Touched, indeed; Jug not only gave them a tree, he gave them his biggest and best, no questions asked. 

"It was about the magic of Christmas, of human kindness, and somebody doing something for us that we did not expect someone to do," Bild said.

Not expecting it is what makes kindness so special. And yet, as unexpected as it is, we still crave kindness, which may very well be because research shows being kind is a natural part of the human condition. 

"We're genetically wired to be kind," said David Hamilton, a former organic chemist from Scotland. "It's actually our deepest identity.

"It's when we're not being kind that it's unhealthy. It's when we're not being kind that we feel separate and we feel disconnected and we feel unhappy and something's 'out of sorts.'"

Hamilton has made a career lecturing and writing about how kindness isn't just something we do, or something we feel. It's something our bodies actually need. 

"Being kind, because it makes you feel warm and connected, it actually changes the internal biochemistry of your body," he said. "There's a physical effect, yeah. It's the opposite of stress."

There is a hormone that is produced every time we do something kind. It's called oxytocin -- what he likes to call the "kindness hormone." 

"One of the things that it does, it softens the wall of the arteries," Hamilton said. "It's funny; it's like a mirror. As you become softer towards people, so you soften on the inside. It actually softens the walls of the arteries. And when that happens, the heart doesn't have to push as hard to get the blood through, so blood pressure drops." 

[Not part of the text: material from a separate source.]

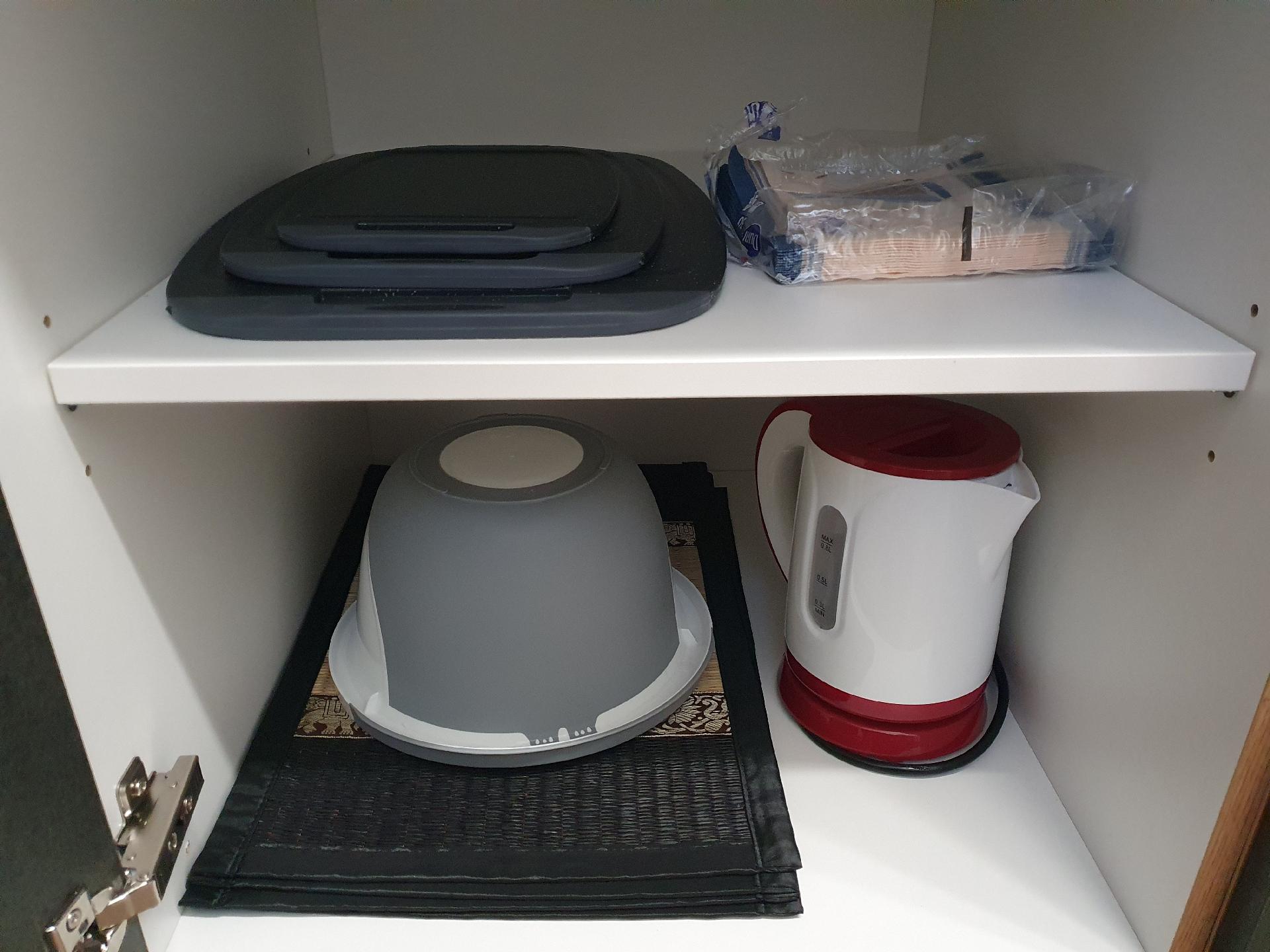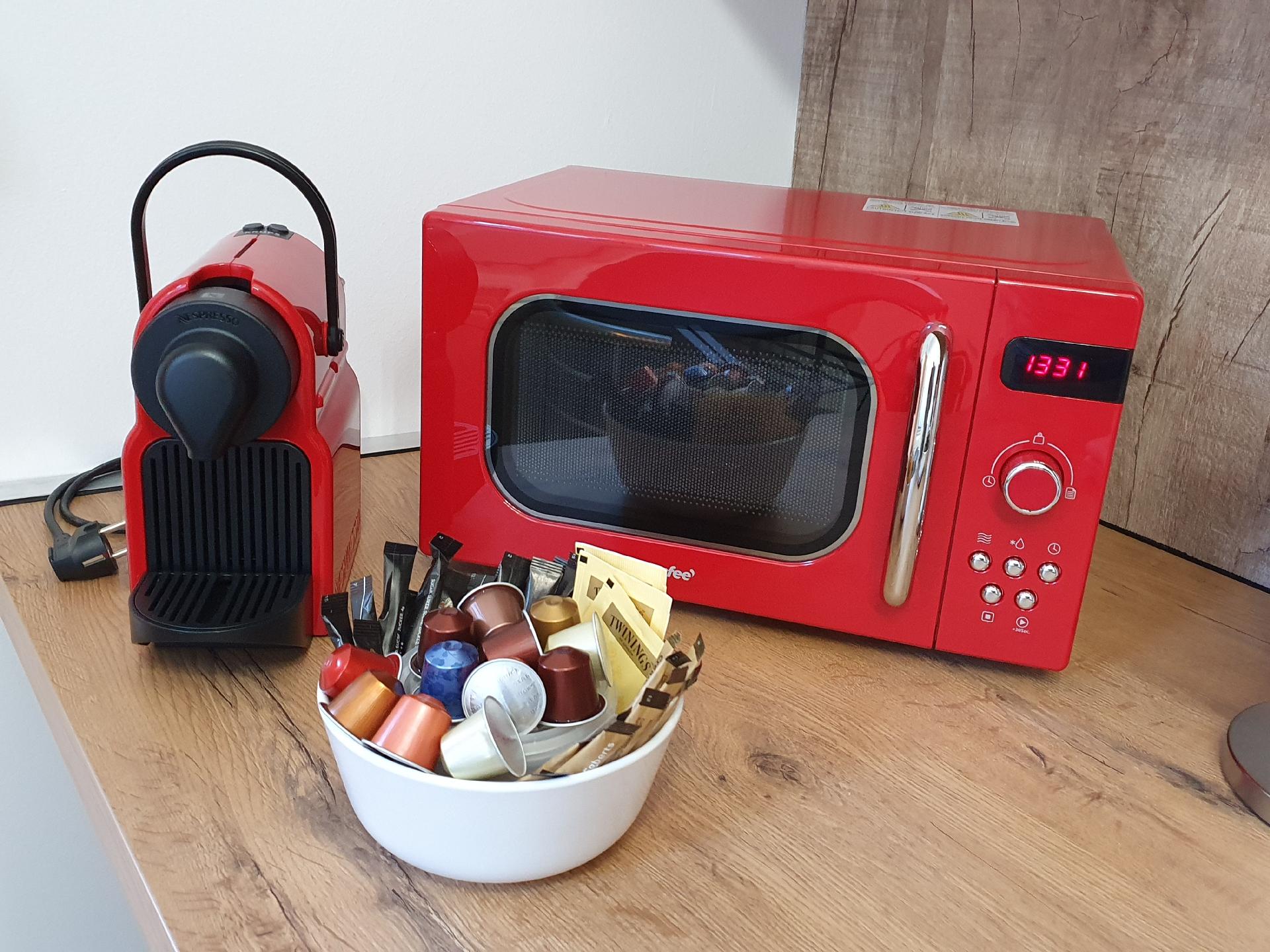 Kochen: Gasherd; Gefrierfach; Kaffekapselmaschine; Kühlschrank; Mikrowelle; Minibackofen; Spülmaschine; Tiefkühlschrank; Toaster; Wasserkocher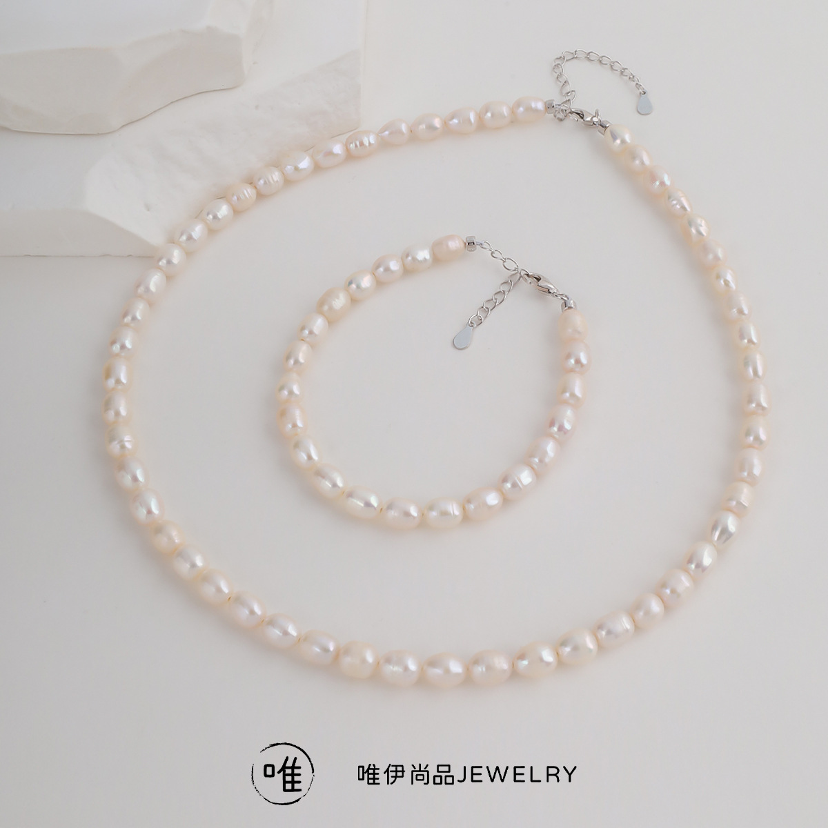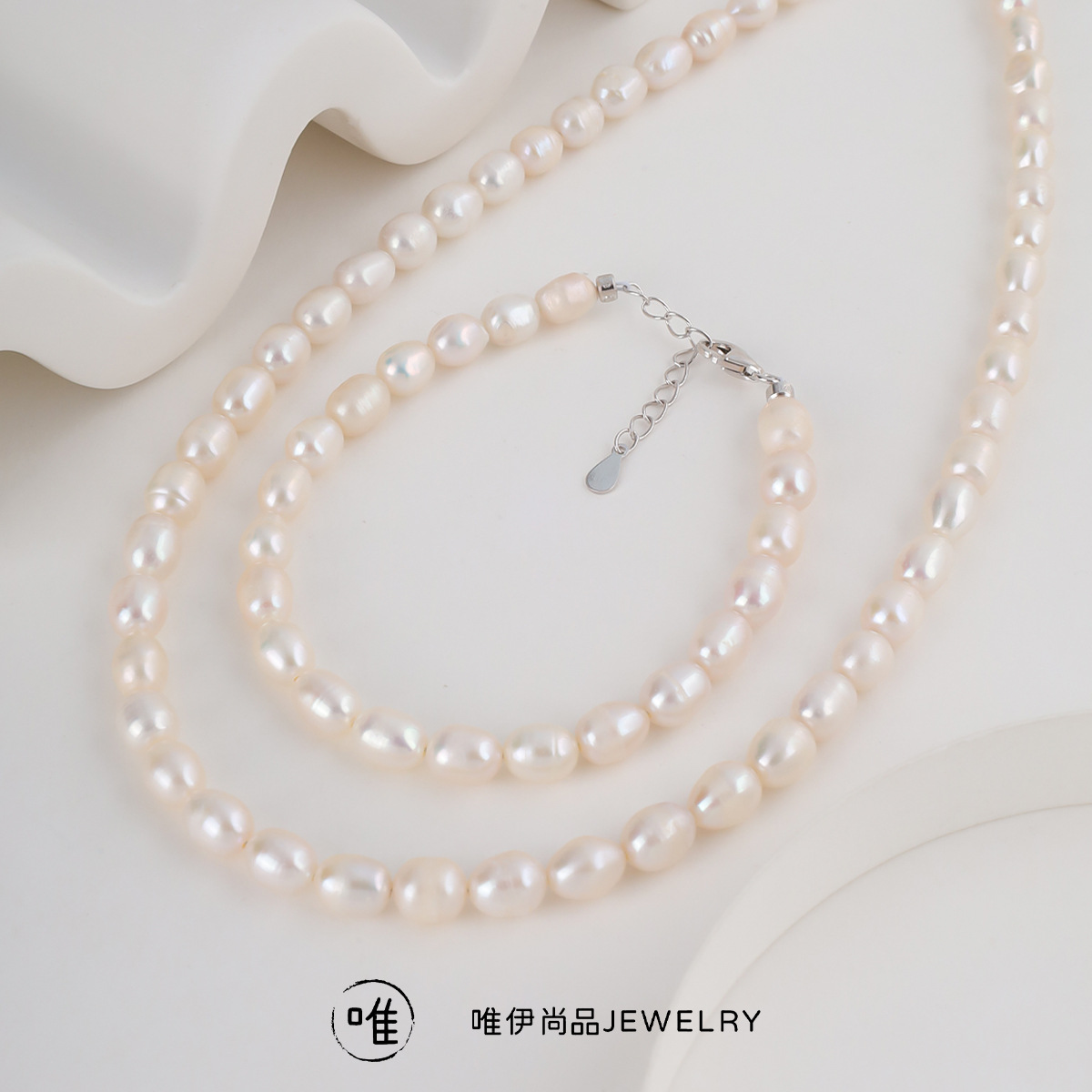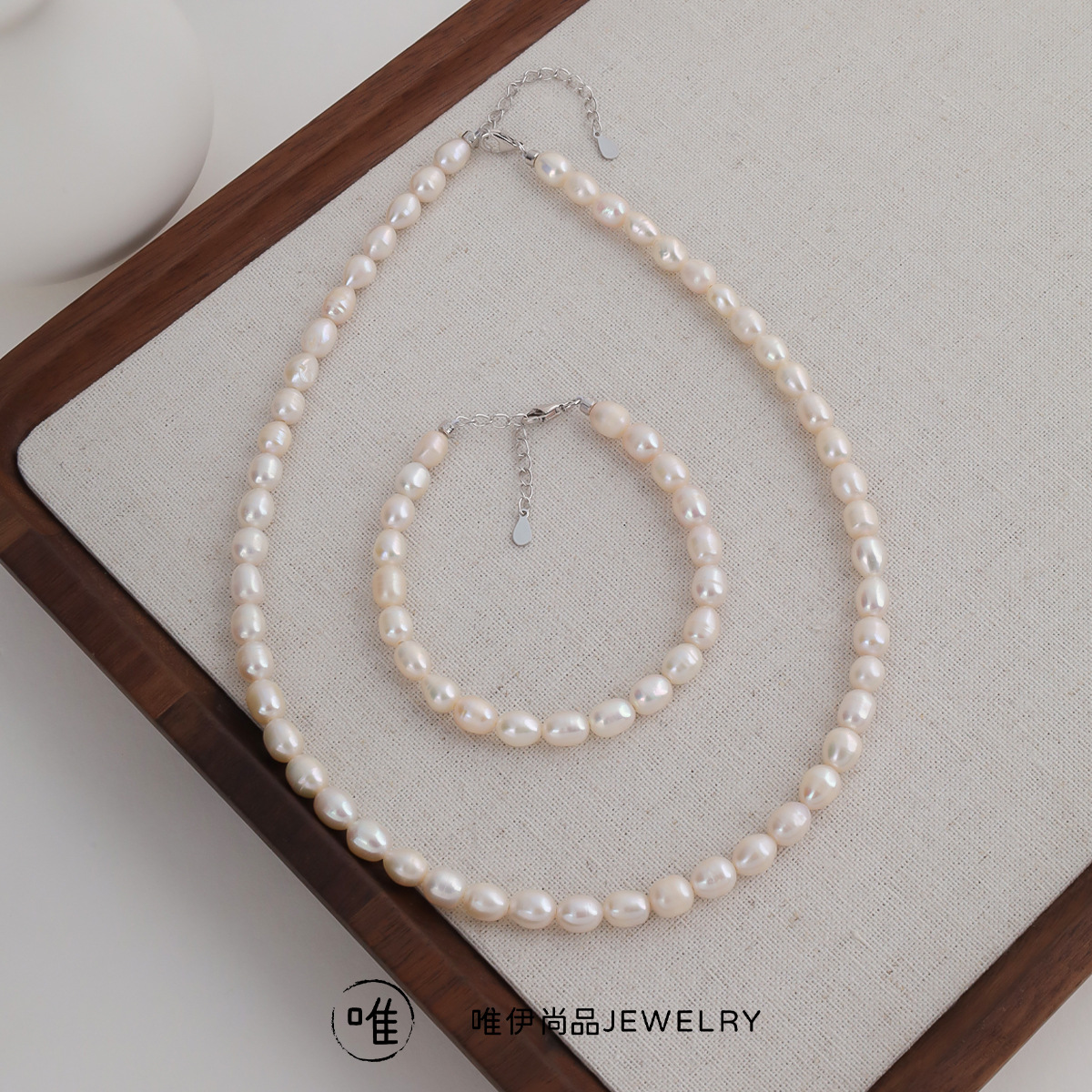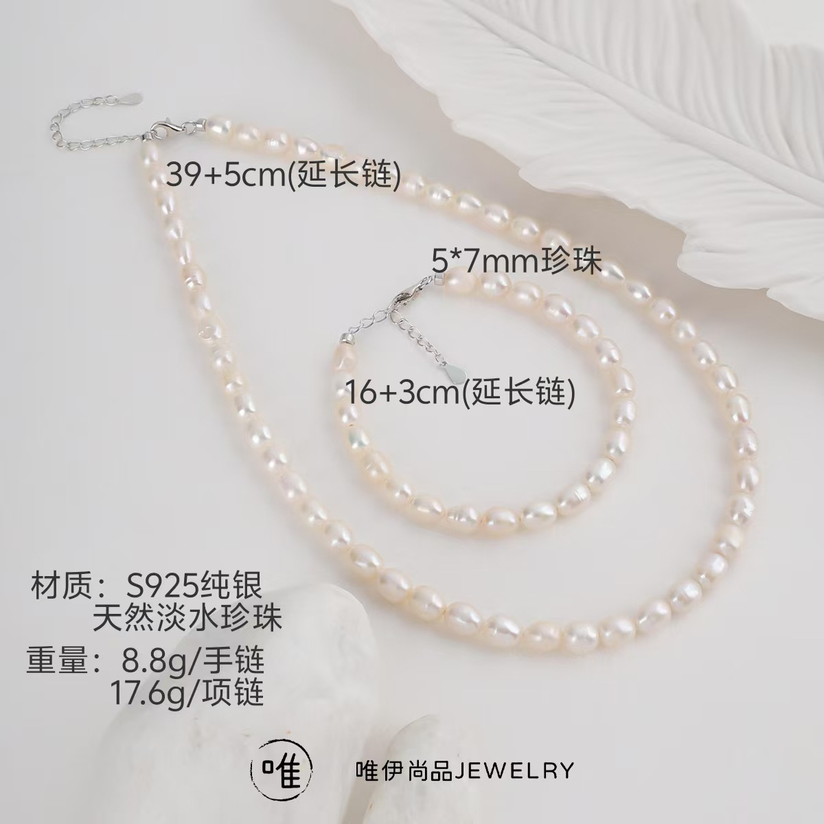 S925 sterling silver natural freshwater pearl high color value simple soft temperament necklace bracelet suit wholesale

And, he says, you can get that healthy effect by doing nothing more than offering a smile. 

Cowan asked, "So, it doesn't have to be some grand gesture, right?"

"No, it's the consistency of doing small things that matter more than doing one grand gesture." 

Elizabeth Higgins Clark and her fiancée, Lauren Pomerantz, found that out when they set out to do one small act of kindness every day for an entire year.